He visitado San Pedro de Atacama quizá unas 30 veces en los últimos unos 30 años por motivos de trabajo. He visto cómo se ha envenenado a la gallina de los huevos de oro con una poción silenciosa pero igualmente letal, que más allá de la periferia caótica y de notoria mala calidad constructiva, ha transformado el centro del pueblo en un barriento bulevar, atestado de locales de artesanía de dudosa procedencia, baratijas sin ningún valor autóctono, muchas de ellas provenientes de Guatemala y Bolivia y de venta de tours, una oferta gastronómica mediocre y más locales de tours y souvenirs desechables de mal gusto, atendidos mayoritariamente por inmigrantes, en un lugar donde el local solía ser intocable.

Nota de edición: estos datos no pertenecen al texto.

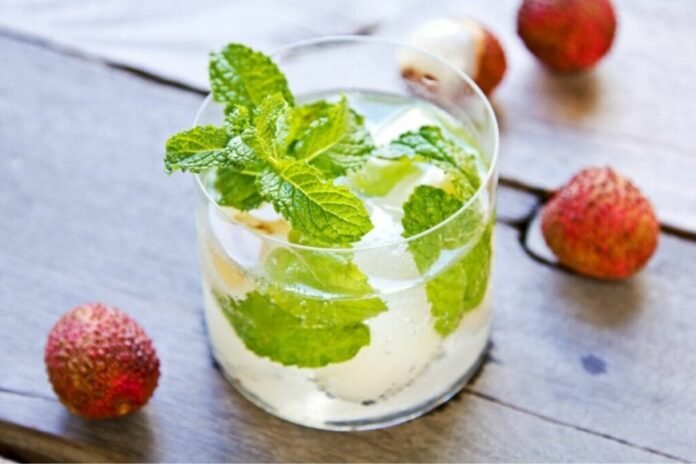 Em um liquidificador, coloque a água de coco, a polpa das lichias e as raspas de gengibre e bata até obter uma consistência homogênea. Transfira o suco para um copo e adicione as pedras de gelo. Finalize decorando com as folhas de hortelã e sirva em seguida.
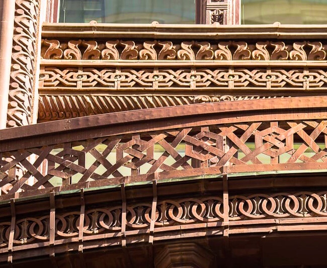 There is one more aspect of the elevations we must examine: the use of one of the first all iron and glass curtain walls on the first two floors of the alley elevations. The cast iron front had been used since Bogardus invented it in 1848. The difference between the cast iron front and the Rookery’s alley elevations was that the glass was located between the iron columns in a cast iron front, while in the Rookery, the glass (curtain) wall was located in front of the iron columns.

La calle principal, de cuyas ventanas emana un característico aire que mezcla incienso, palo santo y marihuana -todo a la vez- dejó atrás la arquitectura vernácula que la caracterizaba, para dar paso a un pintarrajeado callejón, descuidado, desatendido de la autoridad, envuelto en una ruidosa mezcla de músicas centroamericanas que terminaron por cancelar a la zampoña, el charango, la quena y el bombo andino. Una vereda llena de hoyos en la que no es raro ver a borrachos peleando a plena luz del día, cayéndose encima de turistas extranjeros que, atónitos, descubren de este modo nuestro patrimonio cultural.
Afuera, en la periferia del oasis, sobre el cordón de ayllus donde aún sobrevive la magia originaria, algunos hoteles de alto estándar resisten el avance de la vulgaridad irradiada desde el centro, sosteniendo —aunque para unos pocos— una oferta regulada, medida, y tranquila de los recursos naturales.
San Pedro se convirtió en la zona de sacrificio del Desierto de Atacama. Ignoro si fue por decreto o por dejación. Ignoro si hay o no consciencia de ello a nivel administrativo. Por ahora es lo que hay, y no le veo una pronta salida, a este callejón sin salida.